I guess if either of you want to answer this question go ahead: How did the intro end up working out? I've had mixed feelings about it being a little over the top but then some people have said it worked really well...I kind of like it so unless other people think its dumb I'll probably use something like that for intros of my videos from now on (artsier, almost super8/bad tv effected type stuff). Thanks for taking the time to critique it though.


----------



## CaP17A (Sep 23, 2011)

another quick question....any song ideas for next one?? I'm starting to edit it tonight! So far I'm thinking Johnny Cash - Hurt....feel free to add ideas though...anything that'll make it easier/better/more fun to watch!


----------



## david_z (Dec 14, 2009)

i like how the first trick is a super zeached front board 

then again I don't have much room to talk shit about that sort of thing.


----------



## C.B. (Jan 18, 2011)

CaP17A said:


> C.B. I generally try to stay away from fisheye but when you have people who don't know how to use the camera its easier to let them film with that rather than have them shoot long lens. Also what do you mean by variety? If your going by features I completely agree with you but there was a comp on the only other terrain park worth filming


Yeah needs more features. But for what you had it was good.

Personally if i was going to spend the amount of time editing that you did I would have had at least another days worth of footage, probably footage from another hill too. But i think it was well done.

I liked the intro too.


----------



## CaP17A (Sep 23, 2011)

david_z....thats my coach! haha...all in good fun though

C.B. for next Wednesday we filmed 2-3 days....still not too much though. We rarely go to other mountains except for competitions and at that point stress level is too high to film....I'm going to be in Colorado for 2 weeks soon so expect footy from here


----------



## CaP17A (Sep 23, 2011)

bumpity....keep the critiques flowing...trying to figure out how to edit/what music to use/how people are liking my stuff...if your gonna talk shit about it then do it before i make it so i can do it better


----------



## threej21 (Jan 2, 2011)

personally didnt care for the intro, kinda gave me a headache trying to figure out what i was looking at at times... other than that, i really liked the vid, nice job


----------



## CaP17A (Sep 23, 2011)

yeah i had a hard time compositing that in and it couldn't go any lighter/less intense...i need to figure out how to do that better if I'm going to do it at all again...also could be computer screen making it dark i had that problem when i switched it to my laptop as opposed to the desktop i edit with

glad you like it too


----------



## ShredLife (Feb 6, 2010)

Intro too long, bad song for a jib clip. Too much flat box stuff. Needs more kickers - I stopped watching after 3 minutes cuz little rails are boring as hell. Spin and flip off of kickers and ill watch the whole thing.
For jibbing go with hiphop or punk. Pink Floyd is for POW

When you are filming jibs film the riders face side, not their ass.


----------



## SnowMotion (Oct 8, 2010)

Great song! Good riding, But it was a bit over edited. Its nice when there is less effects and more solid shredding. Great job this season MSA and long live carinthia!!!


----------



## CaP17A (Sep 23, 2011)

ShredLife said:


> Intro too long, bad song for a jib clip. Too much flat box stuff. Needs more kickers - I stopped watching after 3 minutes cuz little rails are boring as hell. Spin and flip off of kickers and ill watch the whole thing.
> For jibbing go with hiphop or punk. Pink Floyd is for POW
> 
> When you are filming jibs film the riders face side, not their ass.

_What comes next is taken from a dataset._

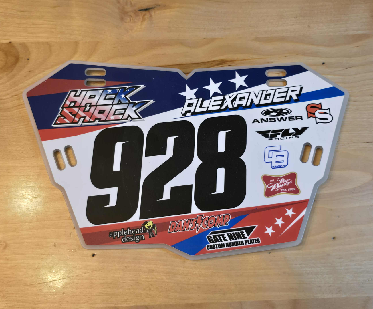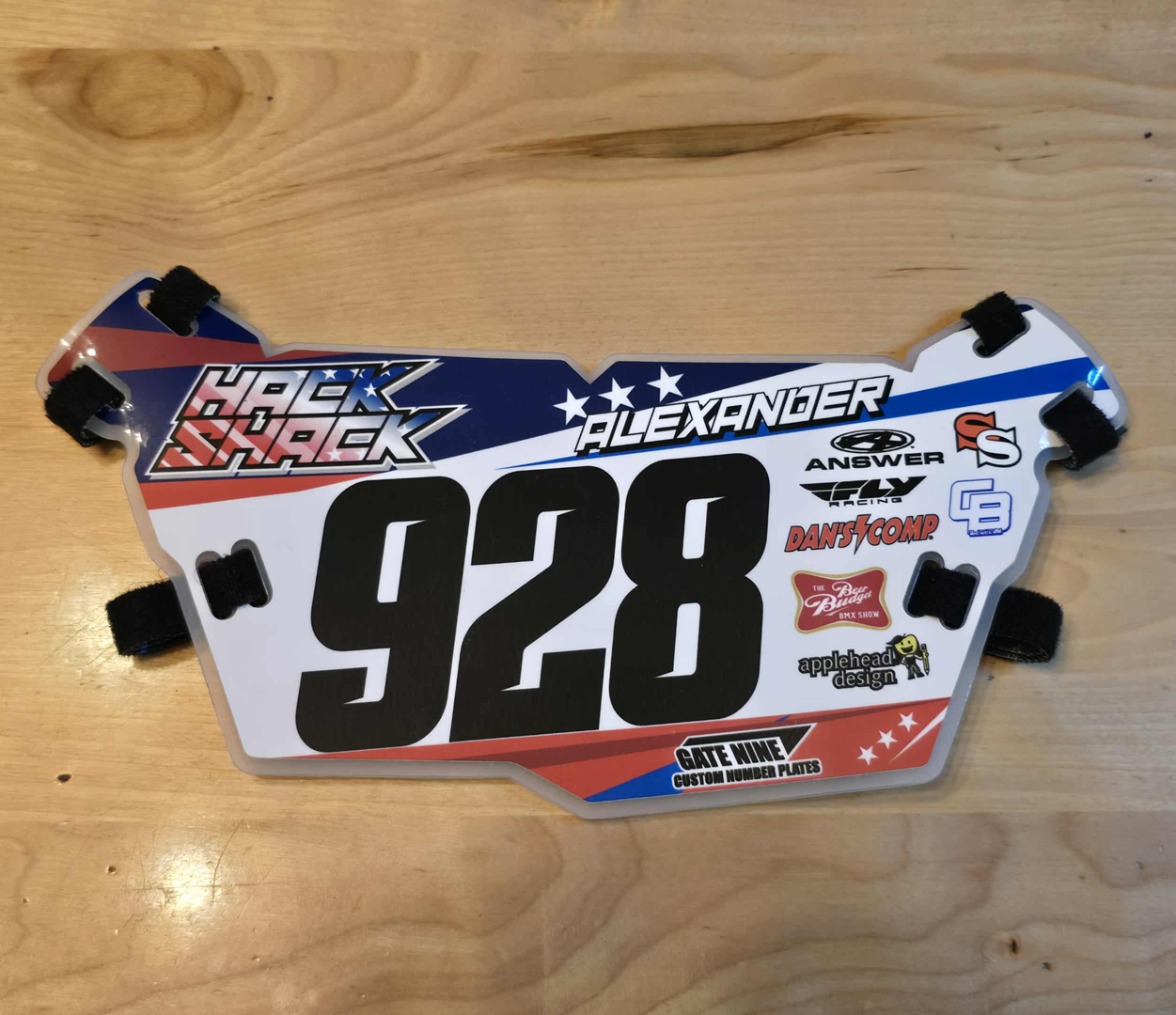 Our full custom plates are one of a kind, custom designed, just for you or your team. We work with you, one on one, until we get the design just right. To get started, let us know your vision and what you would like included: theme, colors, name, nick name, number, and sponsors / components. Have a jersey design already? We can match it!
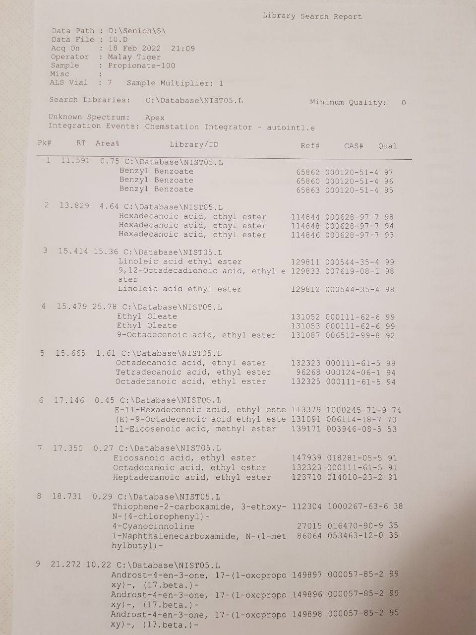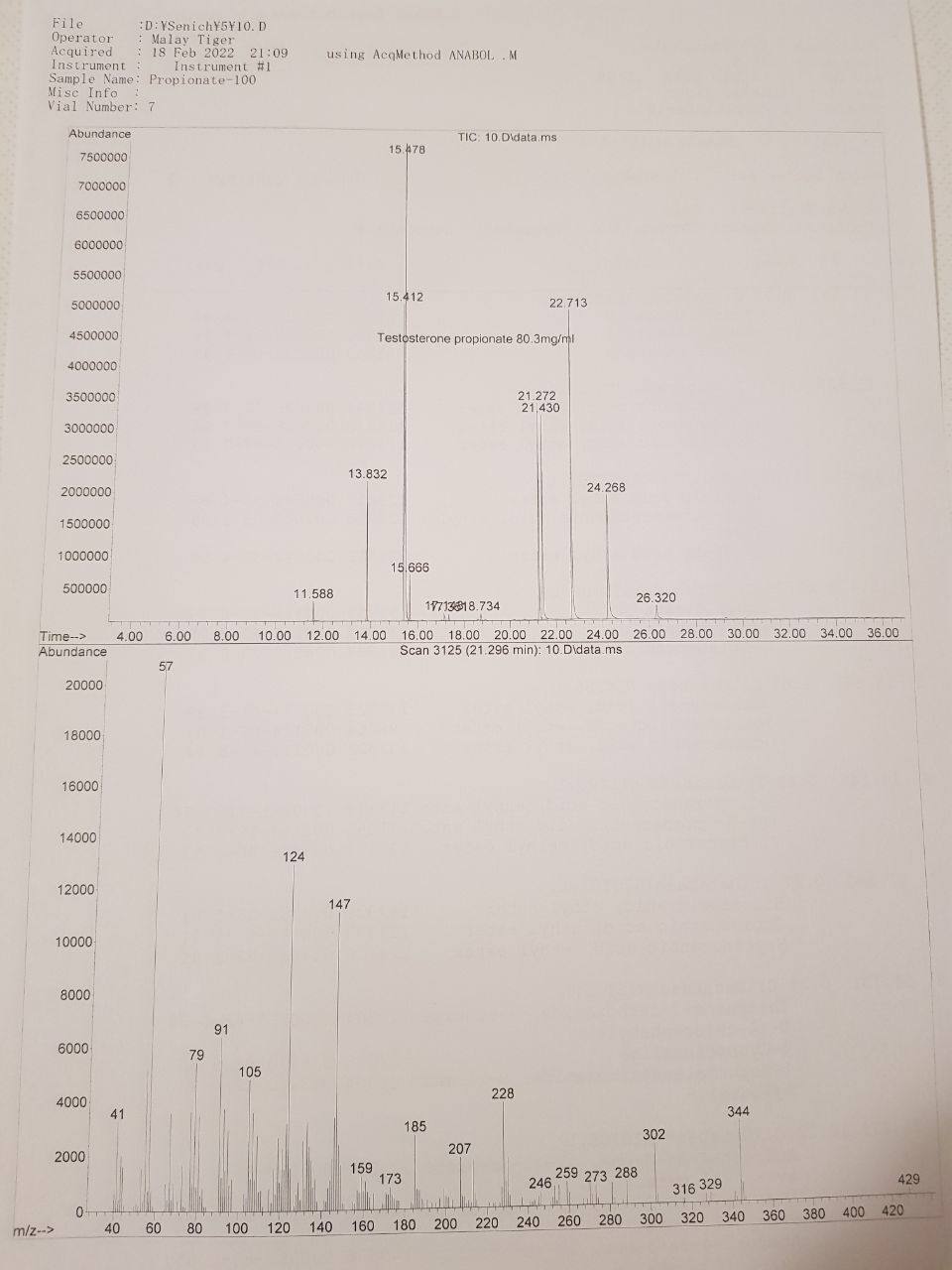bartid93 Опубликовано 12 мая, 2022 Автор Опубликовано 12 мая, 2022 “Malay Tiger” PROPIONATE-100 Batch No: 0086/15 Образец представляет собой ампулы объёмом 1мл. В которых ДВ Тестостерон Пропионат заявлено 100мг/мл. 1) Хроматография: образец содержит Тестостерон Пропионат. 2) Масс-спектрометрия: содержание ДВ в образце ~80.3мг/мл. 3) Посторонние примеси: НАЙДЕНО ХИМИЧЕСКОЕ СОЕДИНЕНИЕ ТИОФЕН-2-КАРБОКСАМИД. НАЙДЕН 4-ДИХЛОРМЕТИЛ-4-МЕТИЛ-2,5-ЦИКЛОГЕКСАДИЕН-1-ОН.

Editing and snowboarding is about creativity, and if I had used rap people woulda hated on that. And your going to make fun of a 9 1/2 year old kid for killing it on a flat box? Give it a year or 2 and he'll be doing it on a down bar....progression.

Also, 10 of the 16 riding shots after the 3 minute mark were jump shots.

Filming butt shots is better then filming straight into the sun and having so much glare you can't see the shot, and be aware that apart from me, no one knows how to work my camera so they were guessing on what to do


----------



## CaP17A (Sep 23, 2011)

SnowMotion said:


> Great song! Good riding, But it was a bit over edited. Its nice when there is less effects and more solid shredding. Great job this season MSA and long live carinthia!!!


I tried to find a good balance but apparently I gotta do a little less editing...thanks for the support! unfortunately carinthia is pretty much dead for the year :'(


----------



## ShredLife (Feb 6, 2010)

CaP17A said:


> Editing and snowboarding is about creativity, and if I had used rap people woulda hated on that. And your going to make fun of a 9 1/2 year old kid for killing it on a flat box? Give it a year or 2 and he'll be doing it on a down bar....progression.
> 
> Also, 10 of the 16 riding shots after the 3 minute mark were jump shots.
> 
> Filming butt shots is better then filming straight into the sun and having so much glare you can't see the shot, and be aware that apart from me, no one knows how to work my camera so they were guessing on what to do


U mad bro? If you can't take criticism then don't ask for it. Wasn't trying to butthurt you little buddy.


----------



## CaP17A (Sep 23, 2011)

ShredLife said:


> U mad bro? If you can't take criticism then don't ask for it. Wasn't trying to butthurt you little buddy.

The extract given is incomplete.